§ WHAT THIS TASK INVOLVES:
Without including any pictures, write out the data below exactly.

===== DATASET EXTRACT =====

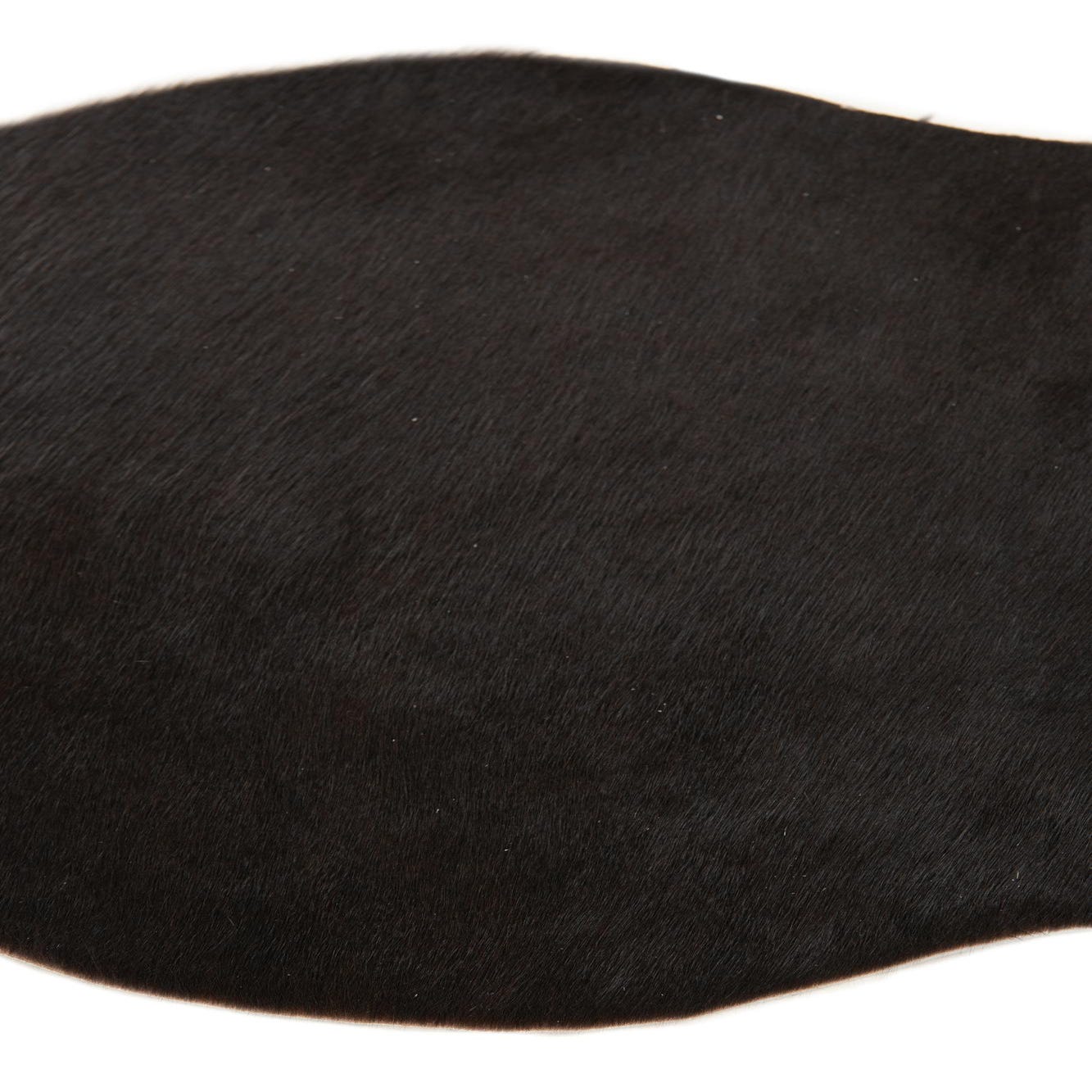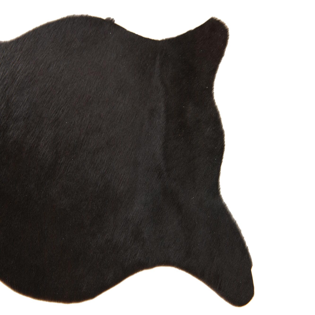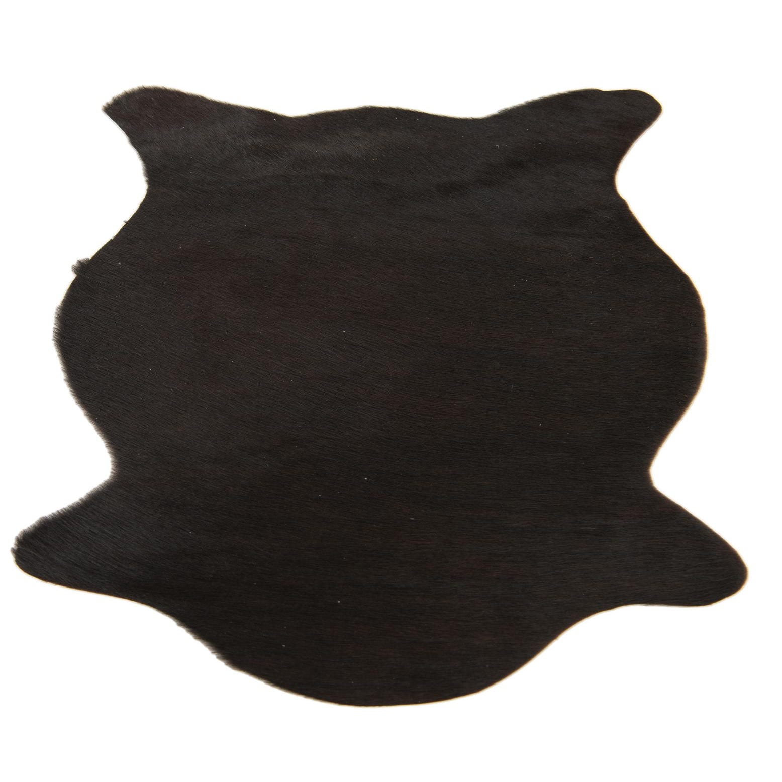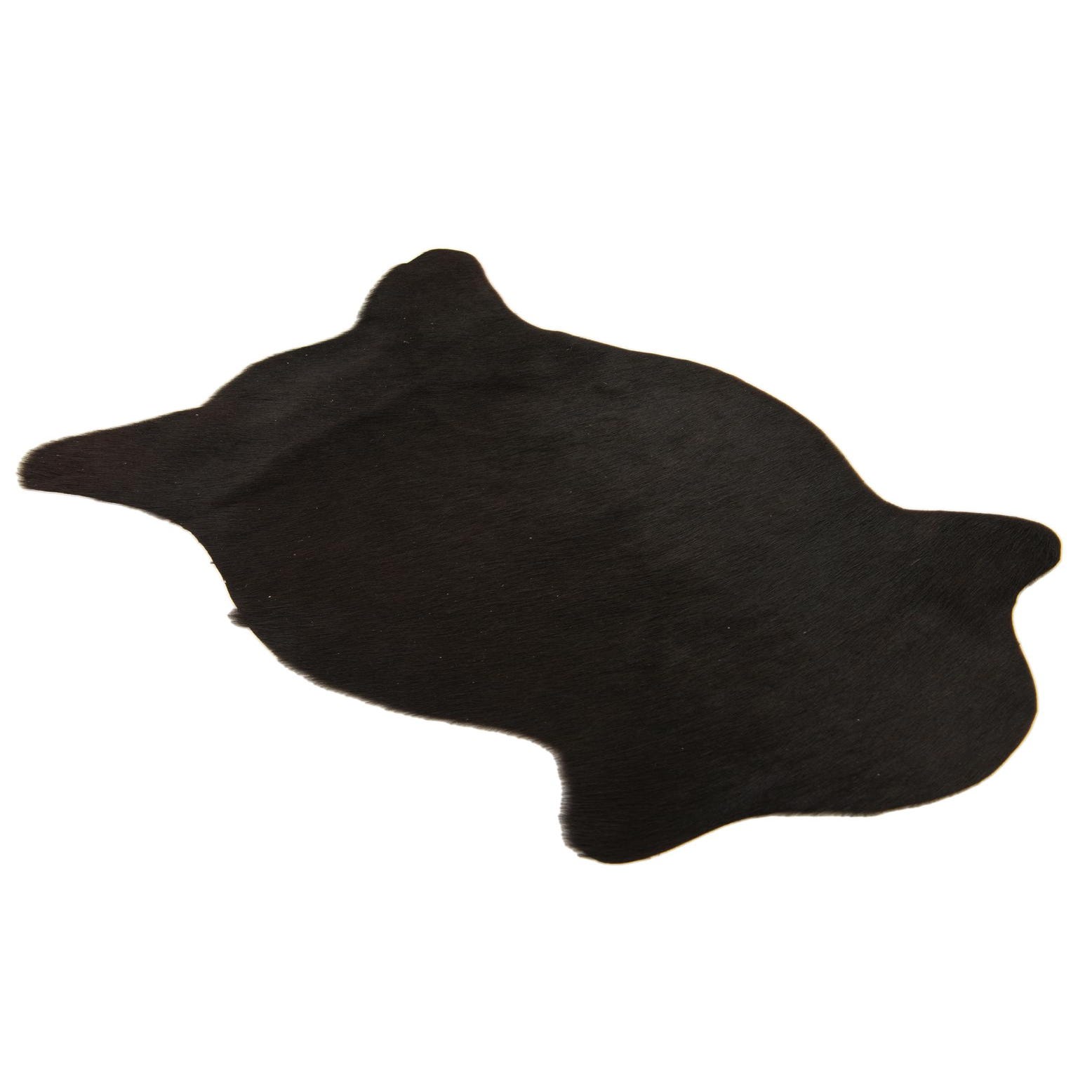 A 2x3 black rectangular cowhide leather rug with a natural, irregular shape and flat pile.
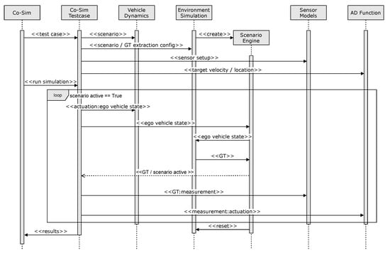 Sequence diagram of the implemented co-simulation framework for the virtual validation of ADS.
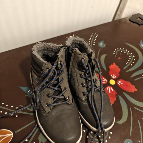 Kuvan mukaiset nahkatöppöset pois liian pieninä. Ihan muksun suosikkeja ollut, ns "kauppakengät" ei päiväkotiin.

=====

§ RESULT FOR THIS TASK:
 A 2x3 black rectangular cowhide leather rug with a natural, irregular shape and flat pile.
 Sequence diagram of the implemented co-simulation framework for the virtual validation of ADS.
 Kuvan mukaiset nahkatöppöset pois liian pieninä. Ihan muksun suosikkeja ollut, ns "kauppakengät" ei päiväkotiin.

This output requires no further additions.